Если хочешь быть здоров, соблюдай эту норму:
не есть без желания и ужинать легко,
хорошо пережевывать и есть только то,
что хорошо сварено и простой формы.
Тот, кто глотает лекарства, не знает,
что от гнева воздух лечит,
из-за стола тому вставать легче,
кто после в полдень не засыпает.
Вино пей умеренно,
ешь мало и часто, отхожее
место посещай не напрасно.
Упражняясь, двигайся,
не терпи головной боли,
ночью хорошо укрывайся.
Отдыхай, будь весел, избегай
роскоши и диету соблюдай[159].
Два докучливых присутствия
Один из самых известных документов этого периода касается тяжелых отношений, сложившихся у Леонардо с Джорджо и Джованни, двумя помощниками немецкого происхождения, жившими вместе с ним на вилле Бельведер. Речь идет о специалистах, которые были присланы к нему его покровителем, чтобы проводить исследования зажигательных зеркал: возможно, Медичи попросили художника усовершенствовать способ подогрева воды для окрашивания тканей, деятельности, представлявшей одно из главных занятий их семьи. Таким образом, находясь в стенах Ватикана, Леонардо пытался настроить самые большие и функциональные зеркала, способные фокусировать и направлять максимально возможное количество солнечных лучей на огромный котел.

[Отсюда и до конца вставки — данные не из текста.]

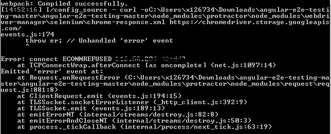 While i tried to execute the ng e2e command i'm facing the below issue.  How to resolve this issue.

Мастер Джорджо казался кем-то вроде кузнеца и мастером на все руки, который, возможно, имел дело с карнизами и несущими конструкциями разных типов, в то время как мастер Джованни дельи Спекки, занимавшийся зеркалами, должен был придавать форму этим чудесным предметам, от которых он получил свое имя[160]. Эти два человека были сущим наказанием. Леонардо шесть раз переписывал письмо, адресованное Джулиано, с жалобами на сложившуюся невыносимую ситуацию: он, гений, признанный и принятый всеми самыми важными дворами Италии, вынужден считаться с вымогательством этих невежественных ремесленников. Казалось, что да Винчи не имел представления о своем истинном положении и статусе: он вел себя не так, как его коллеги, смотревшие на своих помощников сверху вниз. В действительности, мы узнаем из его записей, что жалованье, которое он получал в этот период от своего покровителя, равнялось 33 скудо в месяц – сущий пустяк в сравнении с 12 000 скудо, которые Рафаэль получил непосредственно от понтифика за роспись фресками трех залов в его апартаментах.